Mar 12, 2024, 3:13:40 AMMar 12

to Gremlin-users

It depends on the provider that you are using, sometimes a specific provider will have their own specific loading mechanisms that allows for this.

If you are asking about a remote TinkerGraph, then I believe the answer is no. The simplest way to do it would be to have the GraphSON file directly accessible from the remote server so you could do something like "g.io(fileToRead).with(IO.reader, IO.graphson).read().iterate()" or the GraphSONReader equivalent. Otherwise, I don't think that there is another native solution.

Kunal Mukherjee

unread,

Mar 12, 2024, 11:08:38 AMMar 12

to Gremlin-users

Thank you Ken.

I was wondering if you could give me some pointers about whether Gremlin is the right solution for my use case.

I have over 100k instances of heterogenous relational node-and-edge attributed graphs with approx 5k vertices and 10k edges. Some example queries that I want to run on these instances are:

1. given a traversal routine, what are the vertices contained in the path for all the graph instances?

2. what is the average clustering coefficient for all graphs?

3. what nodes participate in clustering triangles for a specific graph instance?

Another issue I realized is that multiple graphs cannot natively persist in the gremlin-server due to its use of the in-memory database. Currently, I have the naive gremlin-server running, and I am using the Java API to interact with it. Therefore, I am considering using JanusGraph with Casandra's backend so that multiple graphs can persist together.

If you can provide me with any pointers, that would be greatly appreciated.

Josh Perryman

unread,

Mar 13, 2024, 10:15:13 AMMar 13

to Gremlin-users

It sounds like this is a one time, or a project-scoped set of data analysis, as opposed to an application which will support regular usage / workflows. In that case, I'd recommend investing a little more time in Gremlin Server instead of taking on the operational complexity of JanusGraph, and especially Cassandra.

But there is a question of size here. It doesn't sound like the data is attribute-heavy and likely could fit in memory. If it is too large for the RAM available, I'd recommend first looking at JanusGraph + Berkeley DB instead of Cassandra. It should be a much simpler setup. Avoid using a distributed system as much as you can if you don't need it.
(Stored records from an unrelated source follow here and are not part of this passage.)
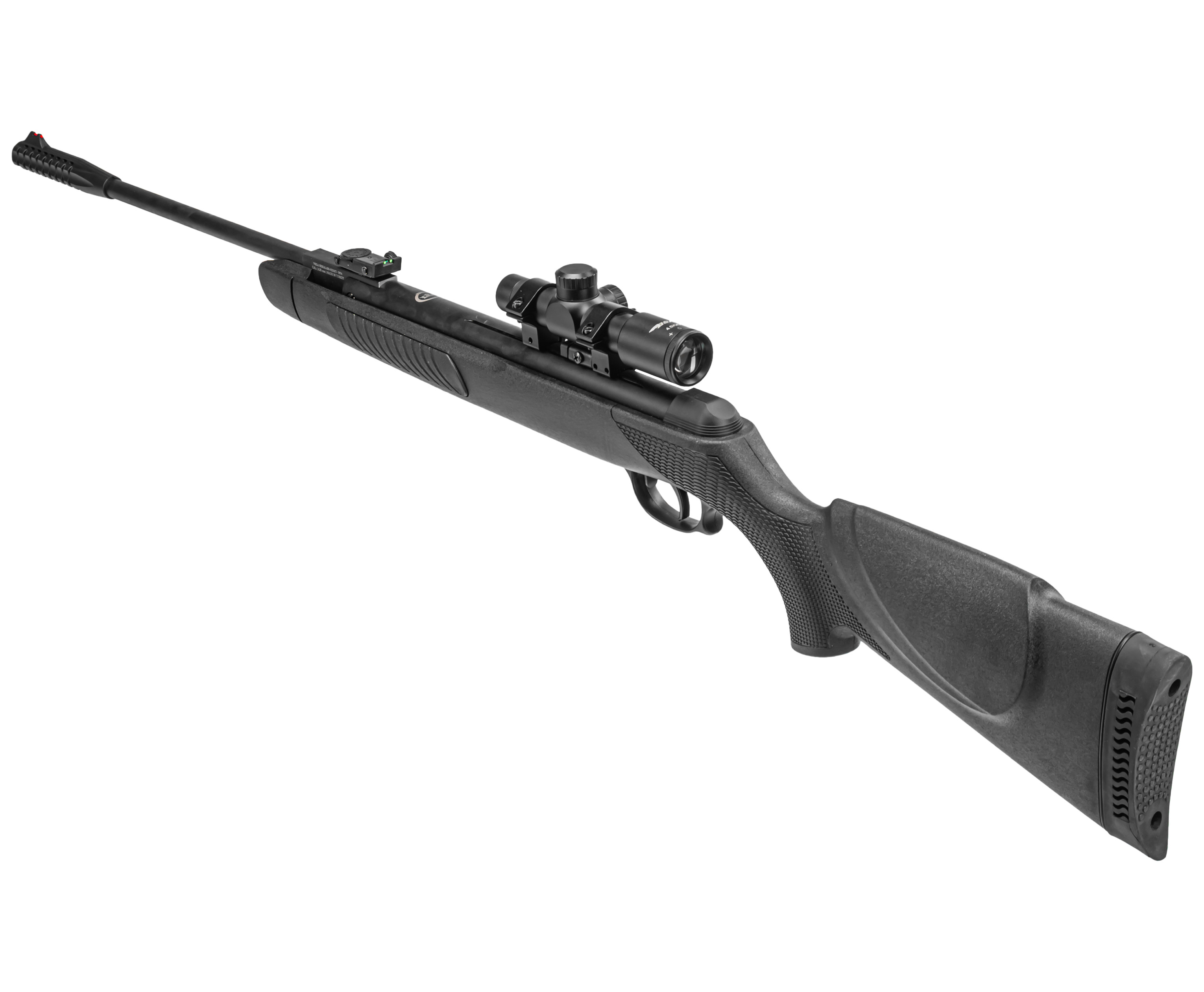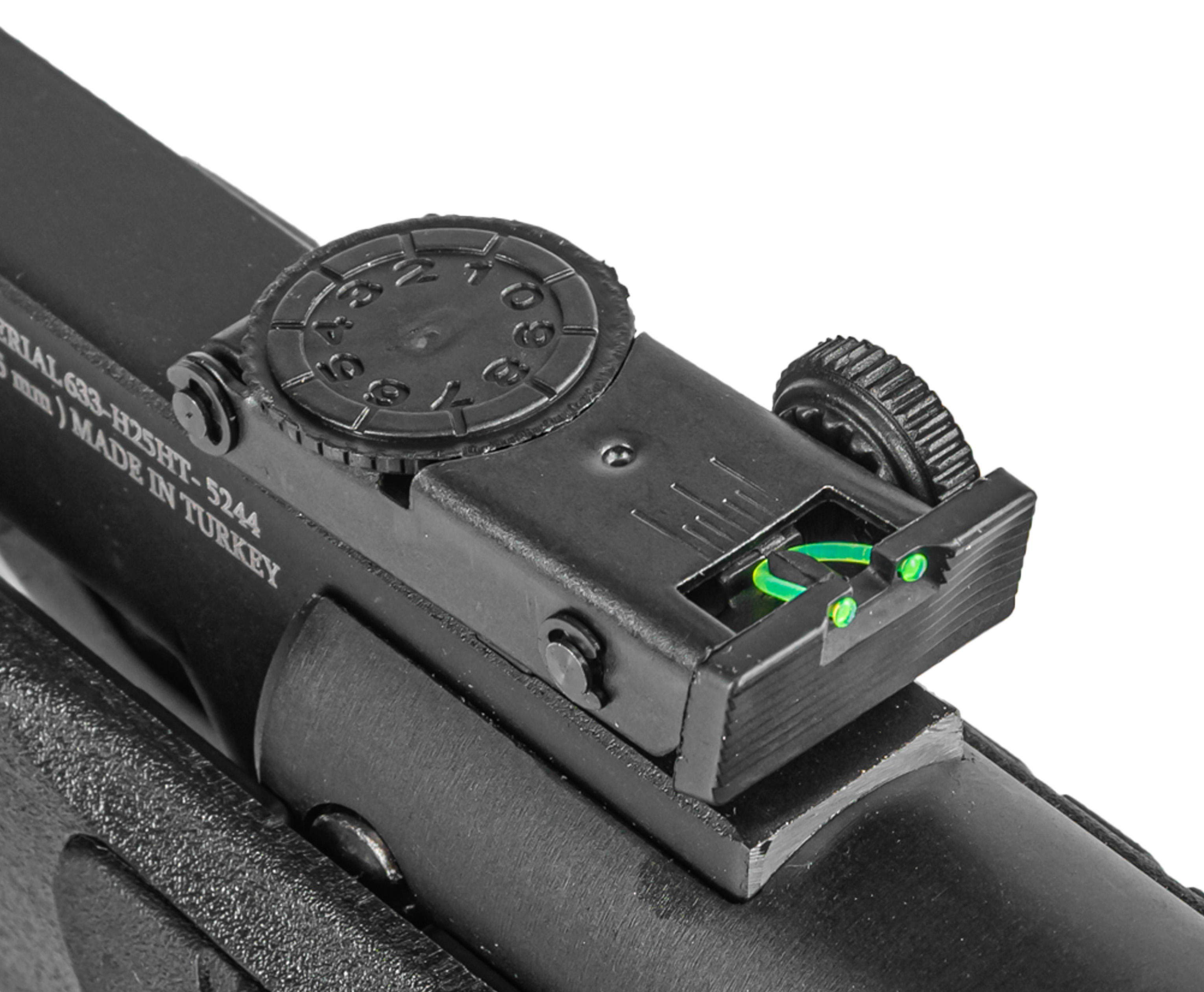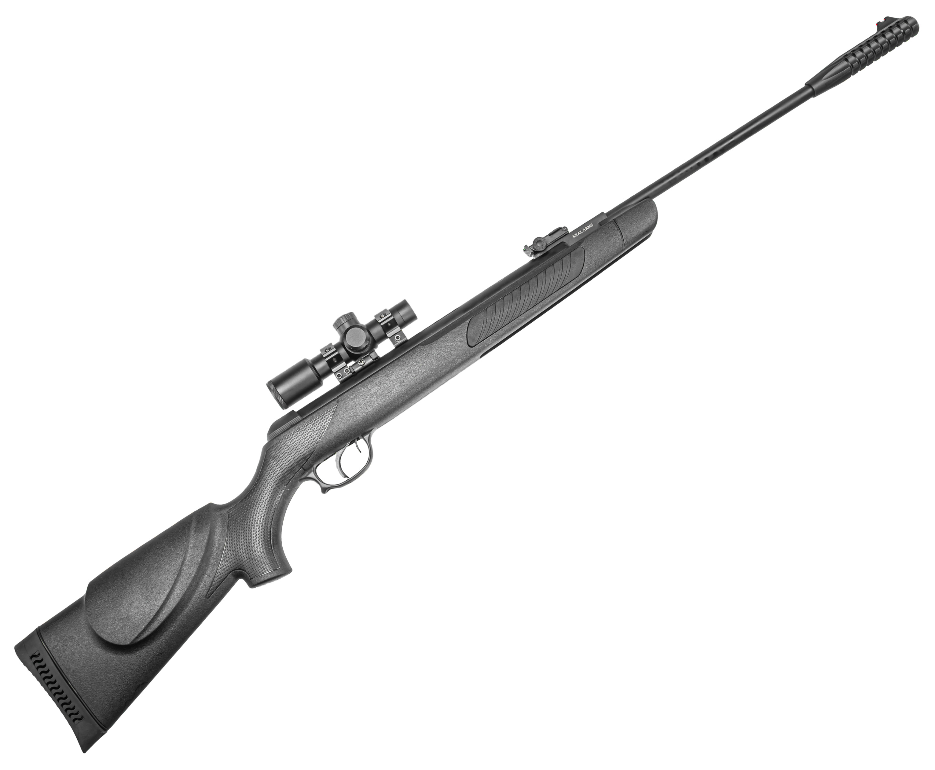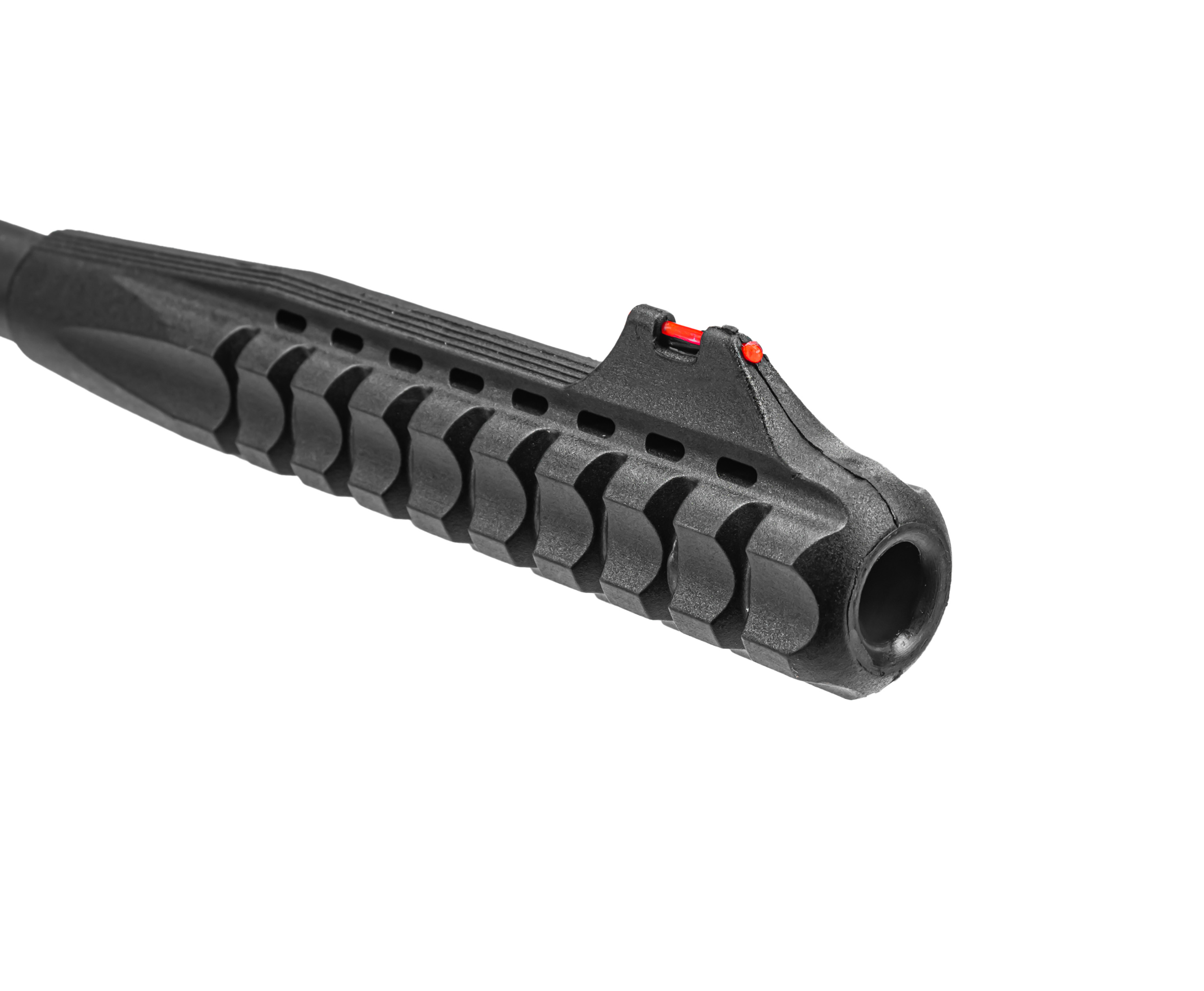 С завода пневматика оснащается классическими открытыми приспособлениями в виде мушки и целика. Последний предусматривает настройку по двум осям, а для лучшей заметности элементы дополнены светоотражающими вставками. Вдобавок к этому винтовка выделяется наличием направляющей «Ластохвост», на которую по усмотрению будущего владельца устанавливается оптика на совместимых кольцах.
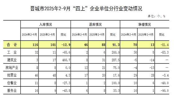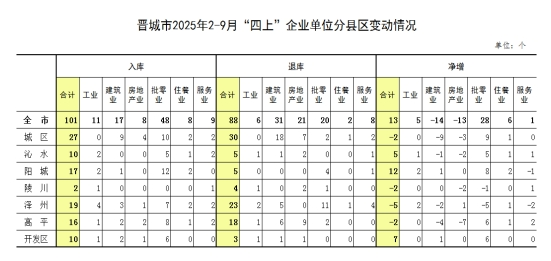 2025年2-9月,全市“四上”企业法人单位入库101家,退库88家,净增13家。
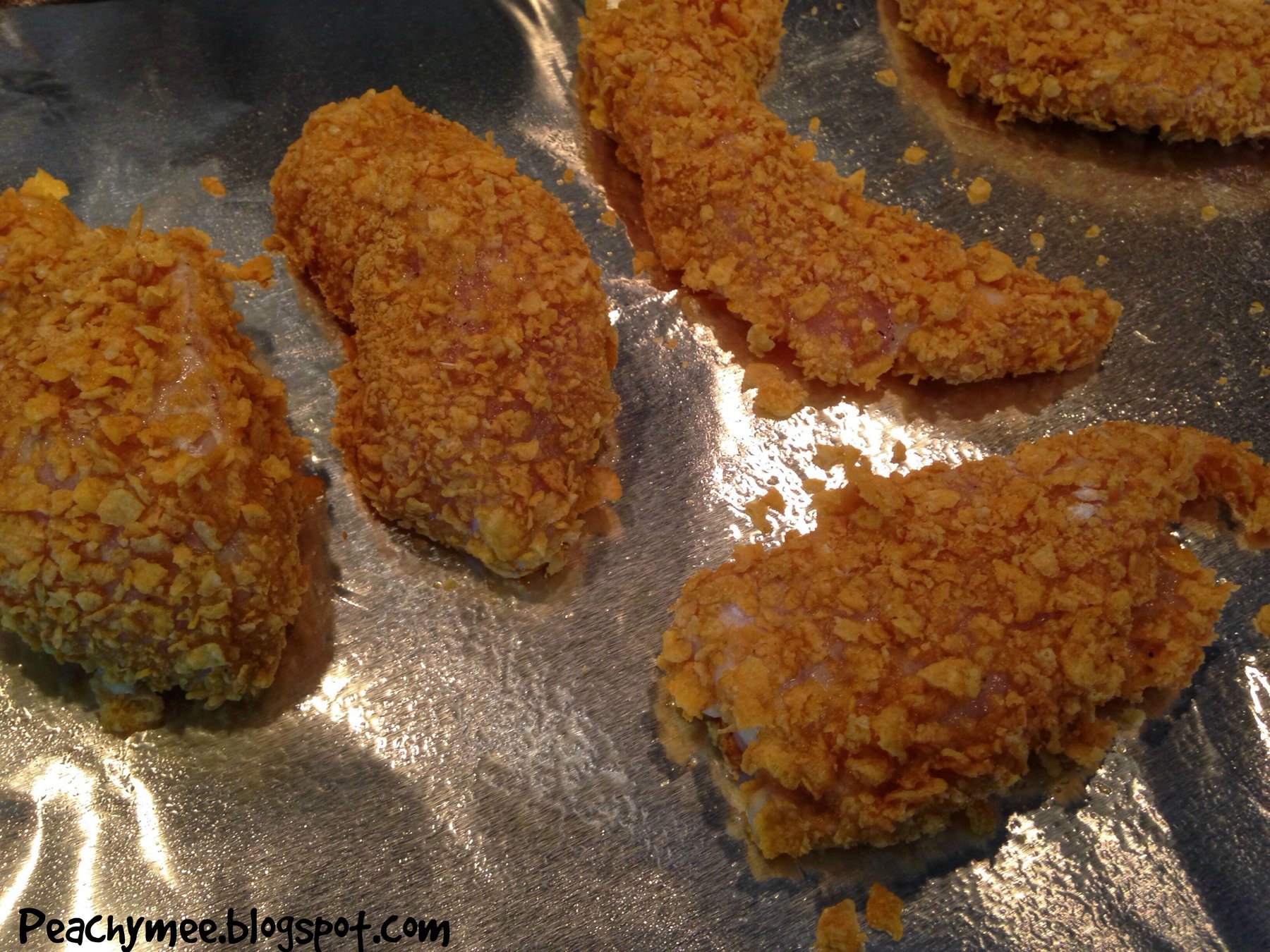 Directions: Preheat oven to 400. Meanwhile, begin by lining up flour, egg and crushed corn flakes. Starting with the flour, dredge the chicken tenders. Make sure to get the excess flour off. Next, dip the...
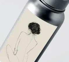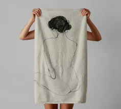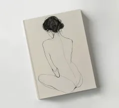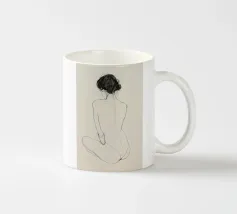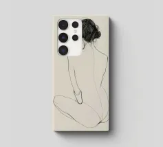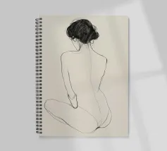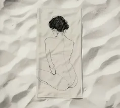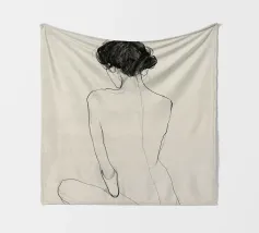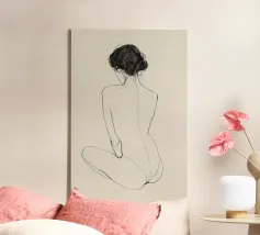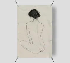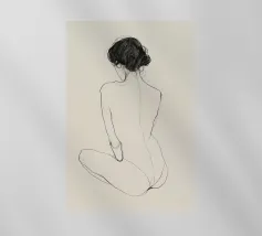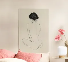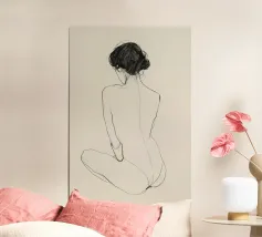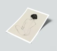 Il disegno al tratto minimalista di una donna seduta in morbide tonalità della terra incarna lo stile boho e celebra la bellezza del corpo femminile con elegante semplicità. La vista posteriore e il sottile erotismo aggiungono un tocco sensuale all'illustrazione.
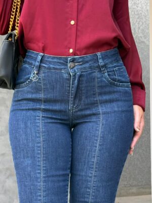Calça Cigarrete Jeans Feminina com Elastano e Detalhe na Perna com Barra Larga
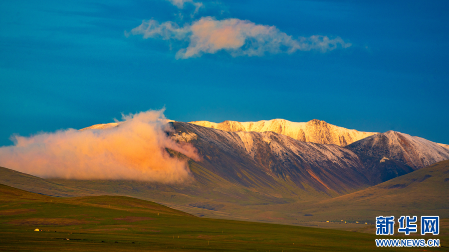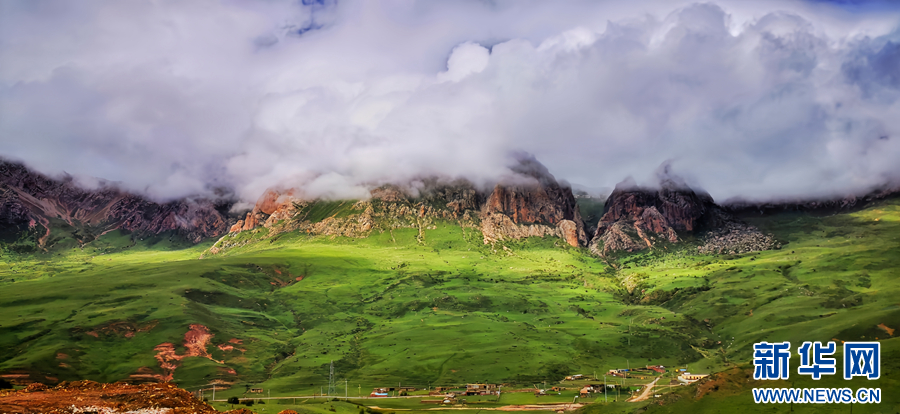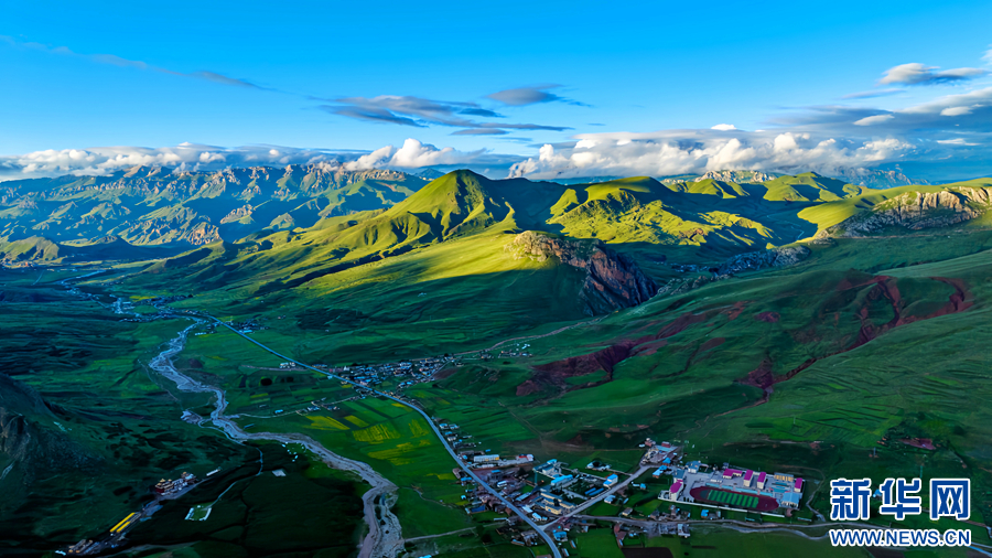 時值盛夏,青海省玉樹藏族自治州景色怡人,群山和草原在藍天白云的映襯下構成壯美的畫卷。

On the data modeling side, it is possible to have all of the >100k instances in a single graph, though they'd be disjoint from one another. You have to model/manage the primary keys and supporting attributes to take this approach, but it shouldn't be that difficult.

To close, I just want to call out that the term "graph" seems to be overloaded here. TinkerPop / Gremlin Server uses the term graph to represent "a collection of vertices and edges which can be loaded in memory" and that could contain multiple of your "graph instances". Don't let the technology's terminology differences (or similarities!) from your project's terminology be limiting.

Best,

Josh

Kunal Mukherjee

unread,

Mar 13, 2024, 12:26:26 PMMar 13

to Gremlin-users

Thank you, Josh.

In my "graph," each vertex is of 3 types and has 10 attributes (7 numerical, 3 string), and each edge is of five types and has 8 attributes (4 numerical, 4 string). So, one graph instance can be loaded into the RAM available, but I do not think 100k+ instances can be loaded into memory. When I loaded one graph into the vanilla gremlin-server with its default in-memory db, it took 1.2 GB of RAM. That is why I am saying 100k+ instances will fit in memory.

Initially, I thought that my backend DB should support that mechanism where my "graph" instance is loaded into memory (hopefully in a serializable fashion), and then the query is executed. Then, the "next" graph is loaded, the query is executed, and finally, the aggregated result is returned. If I follow your suggestion and make one gremlin graph containing all of my graphs, then my initial approach won't work, as I don't think all of my graphs can be loaded into memory at once.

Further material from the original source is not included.